Developing data standards is a key goal of EarthCube, and doing so for paleoclimate was one of LinkedEarth’s core missions . Over the life of this project, we have come to realize that a data standard is really three things:
- a standard format for the data
- a standard terminology for metadata
- standard guidelines for reporting data (i.e. a reporting standard)
I like to think of this as the organization of library cards into an old-fashioned file cabinet (to give you an idea, this is the library I have in mind). For this card system to function, one needs: (1) a set of compartments and drawers to house the cards; (2) labels to identify and classify the books; and (3) a disciplined adherence to the classification system. That is: including essential information on the cards, and putting them back where they belong, otherwise the classification falls apart.
We now have a standard digital format (LiPD) and a budding research ecosystem around it. We have also standardized the terminology via the LinkedEarth Ontology. And as of last month, we now have the beginnings of a reporting standard: PaCTS.

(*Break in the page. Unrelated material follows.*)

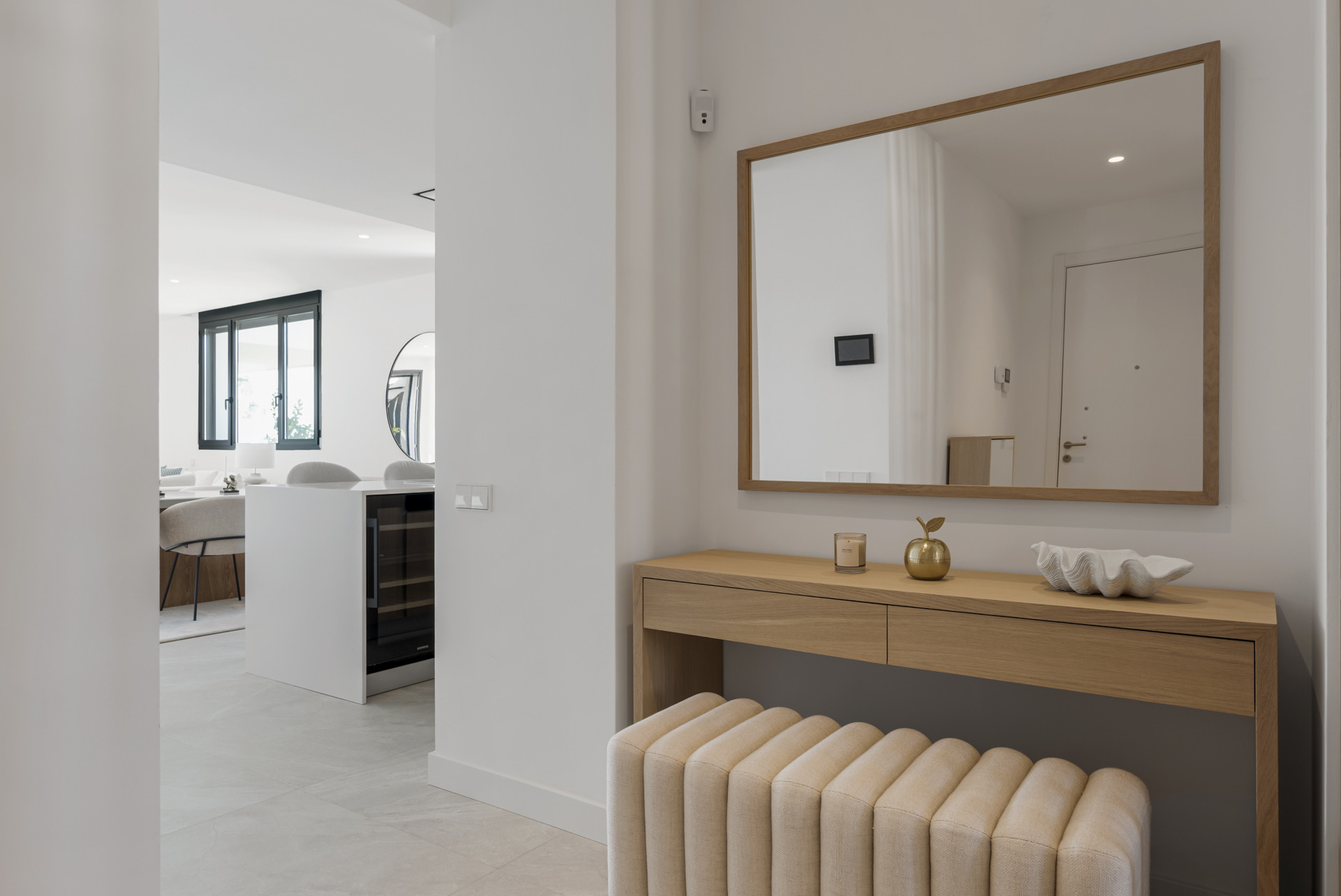Når du træder ind i lejligheden, bliver du mødt af en atmosfære af beroligende komfort. Lejligheden har en rummelig indretning med friske farver, møbler og indretning, hvilket skaber en stilfuld, men indbydende atmosfære.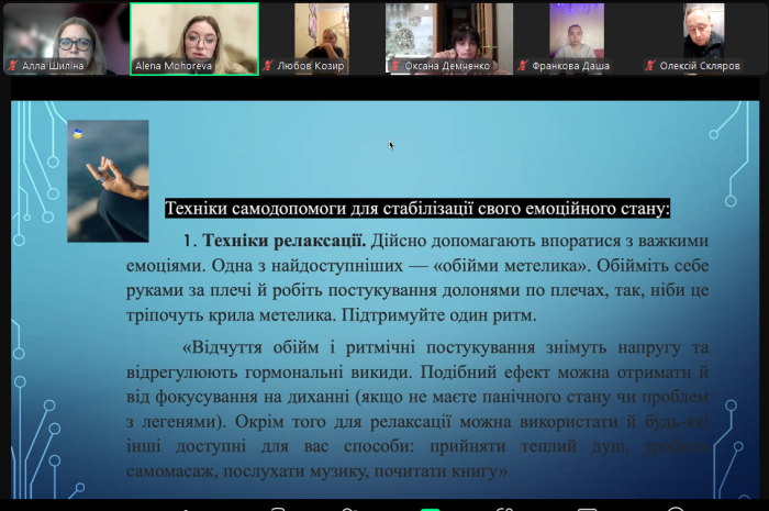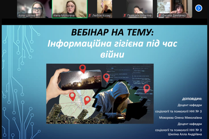Доцентки кафедри соціології та психології ННІ №5 Алла Шиліна та Олена Мохорєва ознайомили школярів Комунального закладу «Харківський ліцей №114 Харківської міської ради» з поняттями «інформаційна гігієна», «інформаційне поле» та «інформаційно-психологічні операції», обговорили важливість профілактичних заходів щодо запобігання розповсюдженню фейкових новин, необхідності моніторингу інформаційної стрічки лише від офіційних джерел та органів місцевого самоврядування. Школярі брали активну участь в обговоренні, ставили запитання, на які отримали вичерпні відповіді від фахівців університету.

PaCTS is the PaleoClimate reporTing Standard, a grassroots effort to standardize the data and metadata that would most ensure the most long-term value for digitally-archived paleoclimate datasets, past, present and future. We just submitted a paper describing the first version of the standard to Paleoceanography & Paleoclimatology, and are now turning the page and taking stock of lessons learned. To me, there are five major ones:
- There can never be enough community discussion. Although we used a mix of in-person and digital means (winding email threads, Skype calls, Twitter back & forths, and Working Group wiki pages), it is clear that other avenues could be beneficial. To that end, I hereby introduce the LinkedEarth forums, which we hope will facilitate more transparent community discussions in a central place. In the rest of this post, I link to specific threads to nucleate a discussion, but others are welcome too, of course.
- The paleo community really does care about standards. The main obstacle is engaging enough folks to gather all the needed input to build a truly representative consensus. Everyone’s ideas are welcome on how to broaden participation. See also “Who speaks for the trees?“
- The folks who did provide input to PaCTS v1.0 really do seem to want a whole lot more metadata, having voted most of the proposed categories as “essential” and nearly all the rest as “recommended”. However, when Deborah tried to apply the PaCTS v1.0 recommendations to a marine sediment dataset she had generated herself (at least in part) less than a decade ago, it became clear that many of the metadata properties were difficult to obtain, even in this ideal scenario. Imagine trying to do the same for a dataset you did not generate, and having to ferret out the information from pre-digital publications, old notebooks, gray literature, and the like ! This means that PaCTS v1.0 is at best an aspirational standard. How to we get from PaCTS v1.0 to a workable PaCTS?
- Both of these points relate to the question of defining a more inclusive, clear and interactive process by which to update and adopt this community standard. Here is a forum to discuss that.
- This brings us to the topic of incentives, without which adherence to the standard is likely to remain extremely limited. Given the reward structure of academia, I see two levers: funding agencies and publishers. This thread discusses how to push them both.
What is your take on all this? What do you see as the next steps forward for data standardization? We hope the forum will be a small step in the direction of inclusive, transparent discussions, and we hope that you make use of it.